▶ _What to produce_: Could you copy exactly the lines below, beginning at the line with "Käthe Kollwitz: Zwei" and stopping after the line with "Rustic Coral Peach", with no pictures?
-- Data shown follows --
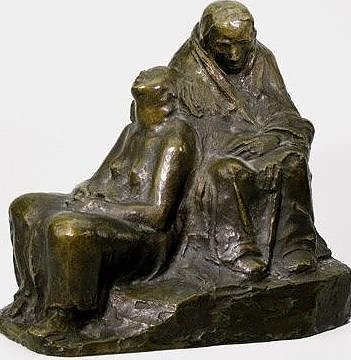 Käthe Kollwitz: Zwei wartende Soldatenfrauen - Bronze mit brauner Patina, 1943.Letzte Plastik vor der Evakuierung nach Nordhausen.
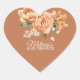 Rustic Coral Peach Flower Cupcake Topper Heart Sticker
-- Data shown concluded --
-- Data shown follows --
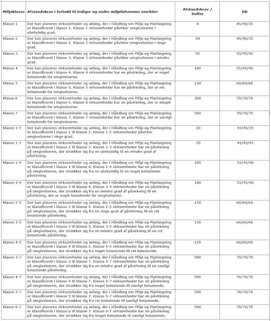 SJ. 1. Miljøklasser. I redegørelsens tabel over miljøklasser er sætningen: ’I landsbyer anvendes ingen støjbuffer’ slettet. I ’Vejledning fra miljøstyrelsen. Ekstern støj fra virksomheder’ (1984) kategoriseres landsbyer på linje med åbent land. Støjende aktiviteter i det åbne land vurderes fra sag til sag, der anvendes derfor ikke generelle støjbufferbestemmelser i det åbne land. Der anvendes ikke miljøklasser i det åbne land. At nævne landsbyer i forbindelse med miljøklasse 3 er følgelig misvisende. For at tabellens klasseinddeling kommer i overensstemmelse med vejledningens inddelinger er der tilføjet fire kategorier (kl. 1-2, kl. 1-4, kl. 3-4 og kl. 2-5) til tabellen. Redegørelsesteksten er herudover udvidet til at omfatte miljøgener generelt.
-- Data shown concluded --
▶ _Answer area_:
 Käthe Kollwitz: Zwei wartende Soldatenfrauen - Bronze mit brauner Patina, 1943.Letzte Plastik vor der Evakuierung nach Nordhausen.
 Rustic Coral Peach Flower Cupcake Topper Heart Sticker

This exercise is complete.